Author : Robert Hampson
Publisher : Springer
Page : 334 pages
File Size : 27,69 MB
Release : 2016-07-27
Category : Literary Criticism
ISBN : 1349223026
Through attention to incidents of betrayal and self-betrayal in his fiction, this book traces the development of Conrad's conception of identity through the three phases of his career: the self in isolation, the self in society and the sexualised self. It shows how the early fiction negotiates the opposed dangers of the self-ideal and the surrender to passion; how the middle fiction tests the ideal code psychologically and ideologically; and how the late fiction probes sexuality and morbid psychology.
Author :
Publisher : BRILL
Page : 188 pages
File Size : 30,54 MB
Release : 2015-11-24
Category : Literary Criticism
ISBN : 9004308997
When Joseph Conrad’s novel Chance appeared in serial form in the New York Herald in 1912 and in book form in 1914 it established the author’s financial security for the first time. Following years of struggle to reach a wide audience for his fiction, Conrad benefitted from the American marketing of this novel for the women readers of romance. Aggressive advertising promoted the writer’s new focus on a female protagonist and Conrad’s division of the story’s location between land and sea. The novel proved popular and lucrative. Yet in spite of its economic success, Chance remains one of Conrad’s less well-known narratives. This fresh new collection of essays from both young and established scholars opens up a lively critical debate taking Chance beyond the status of best-selling romance.

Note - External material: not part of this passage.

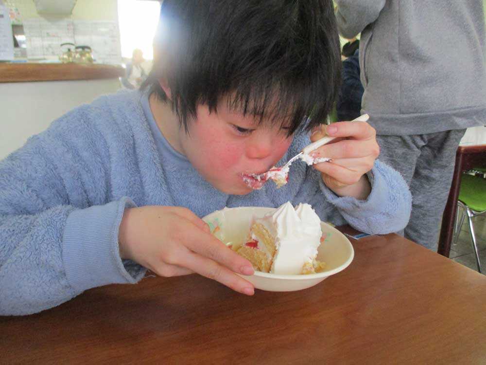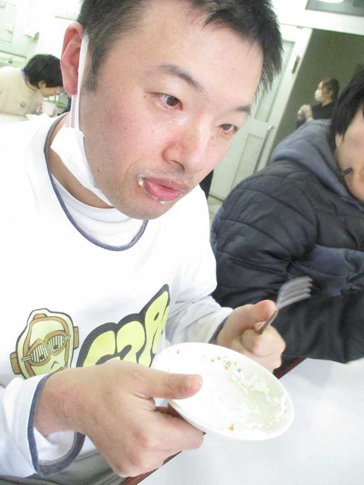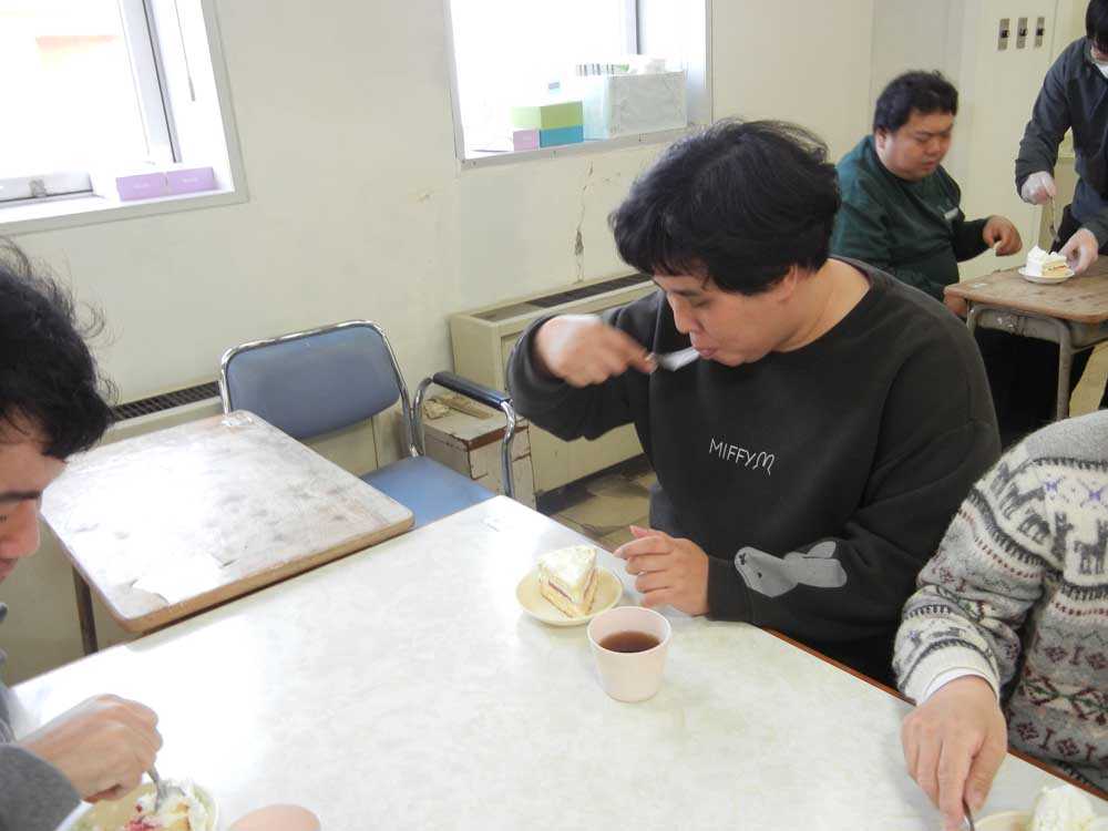 おやつ時には、ケーキを前に瞳をキラキラと輝かせていて、利用者の中には、クリームが口についてしまい「サンタが来たよ」と楽しまれている方もおり、とても美味しそうに召し上がる様子がたくさん見られ、クリスマス気分が盛り上がる、嬉しさを感じるおやつタイムとなりました。

In a striking re-evaluation of the novel these writers examine Chance’s innovative narrative strategies, its up-to-the-minute commentary on female politics, contemporary ethics, as well as its antecedents in classical debate and the significance of Conrad’s last use of his seaman narrator Marlow.
Author : Indrani Chaudhuri
Publisher : Blue Rose Publishers
Page : 195 pages
File Size : 50,74 MB
Release : 2021-05-26
Category : Art
ISBN :
This book is an intriguing and intimate study of the dialogues forged between different forms of art, paintings and texts in particular. It entwines art with literature to create a complex yet marvellous mosaic of textures hitherto undiscussed in this manner. Reading, here, becomes both painting and travelling through Joseph Conrad’s Heart of Darkness and the works of the French Impressionist painters of the nineteenth century. Through an exploration of the distinctive characteristics of the paintings of Monet, Manet, Renoir, Pissarro, Cézanne and even Van Gogh and Gauguin, this book tries to decipher the codes and symbols of Conrad’s enigmatic novella. By taking the help of intertextuality, interdisciplinary and multidisciplinary approaches, detours and retours through time and space, this book offers extensive readings of texts on art, literature and Conrad’s works. Reading Heart of Darkness in this manner emerges as a kind of journey through the continents of imperial Europe and of colonized Africa, through diverse cultures, imaginary geographies, psychological processes that separate one human from another, through the metaphors and metonymies of the modern malaise that vacillated from Darwinian theories of evolution to Nietzsche’s proclamation of the death of God.